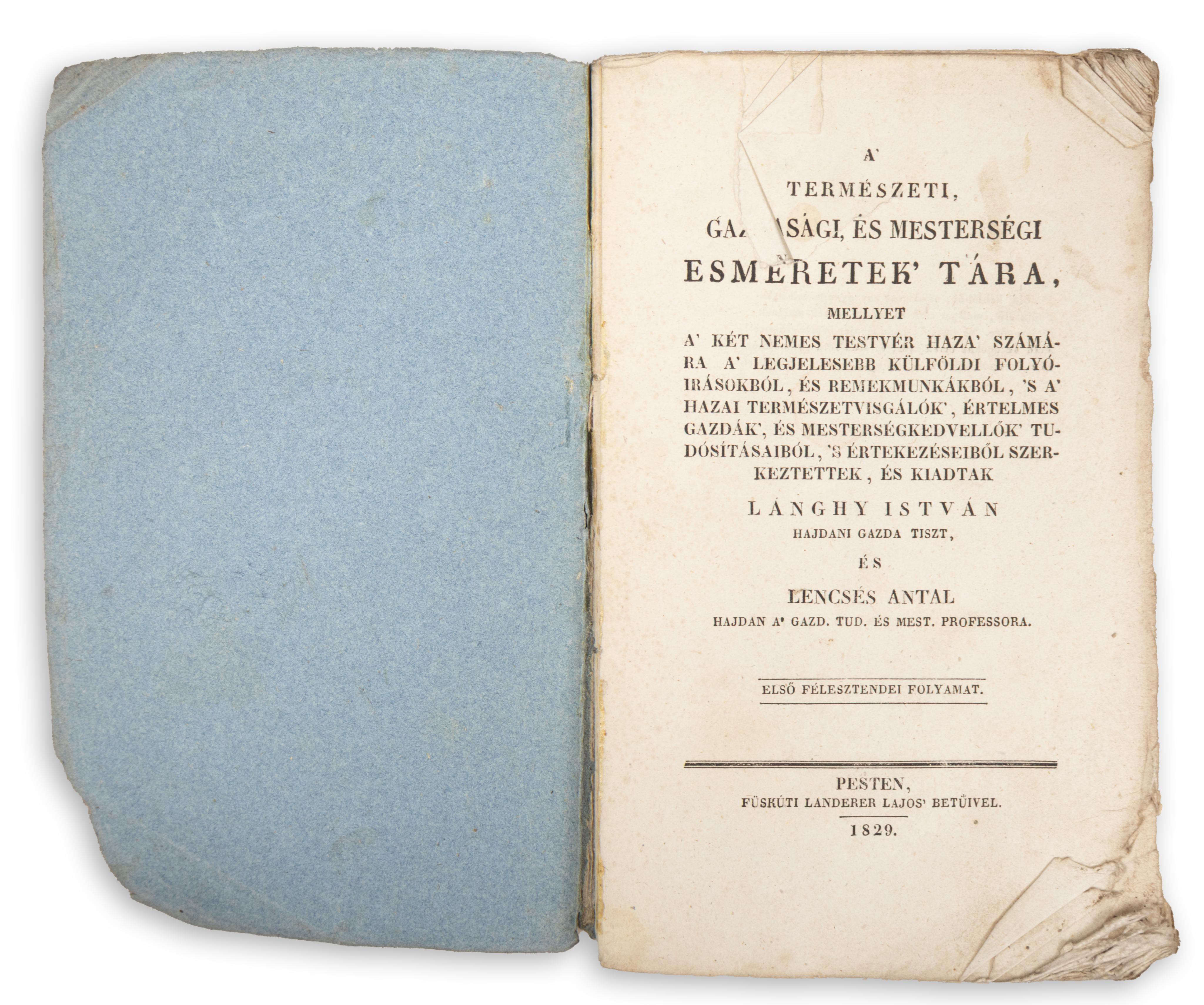 Pesten, 1829, Füskúti Landerer Lajos’ betűivelA’ természeti, gazdasági és mesterségi esmeretek’ tára, mellyet a’ két nemes testvér haza’ számára, a’ legjelesebb külföldi folyóírásokból, és remekmunkákból, ’s a’ hazai természetvizsgálók’, értelmes gazdák’, és mesterségkedvellők’ tudósításaiból, ’s értekezéseiből szerzettek és kiadtak Lánghy István és Lencsés Antal.
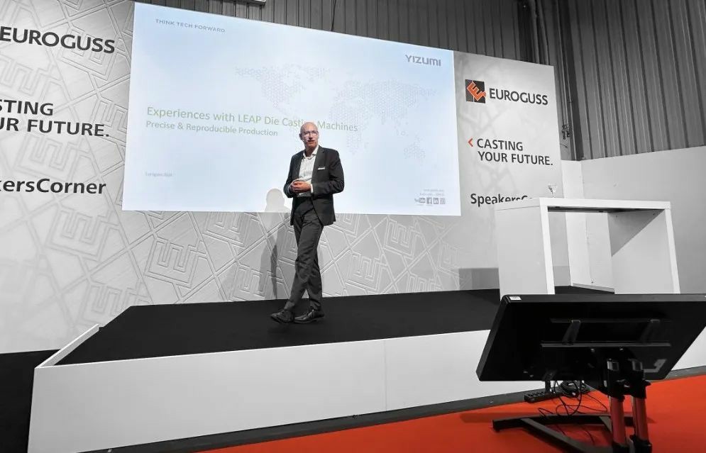 当地时间1月16日下午,在展馆现场的“Speakers Corner”上,伊之密股份有限公司压铸机事业部副总经理兼压铸及金属成型首席战略官史蒂芬•费睿泽先生分享了《伊之密LEAP系列压铸机的制造经验和使用体验》,演讲围绕有趣的案例故事展开,展示了伊之密LEAP系列压铸机对标世界一流压铸机的性能优势。
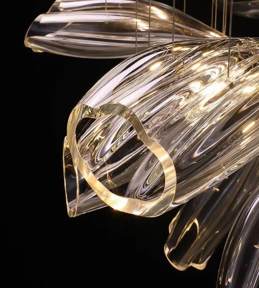 The Luxury Transparent Glass Flower Chandelier available on Light Trybe Nigeria is a stunning light fixture with a unique design made of glass pieces arranged in a flower-like shape, creating a soft, cascading effect.

....

▶ _Work to complete_:
Reproduce every line above exactly as written, omitting the images.

▶ _Answer to this exercise_:
 Pesten, 1829, Füskúti Landerer Lajos’ betűivelA’ természeti, gazdasági és mesterségi esmeretek’ tára, mellyet a’ két nemes testvér haza’ számára, a’ legjelesebb külföldi folyóírásokból, és remekmunkákból, ’s a’ hazai természetvizsgálók’, értelmes gazdák’, és mesterségkedvellők’ tudósításaiból, ’s értekezéseiből szerzettek és kiadtak Lánghy István és Lencsés Antal.
 当地时间1月16日下午,在展馆现场的“Speakers Corner”上,伊之密股份有限公司压铸机事业部副总经理兼压铸及金属成型首席战略官史蒂芬•费睿泽先生分享了《伊之密LEAP系列压铸机的制造经验和使用体验》,演讲围绕有趣的案例故事展开,展示了伊之密LEAP系列压铸机对标世界一流压铸机的性能优势。
 The Luxury Transparent Glass Flower Chandelier available on Light Trybe Nigeria is a stunning light fixture with a unique design made of glass pieces arranged in a flower-like shape, creating a soft, cascading effect.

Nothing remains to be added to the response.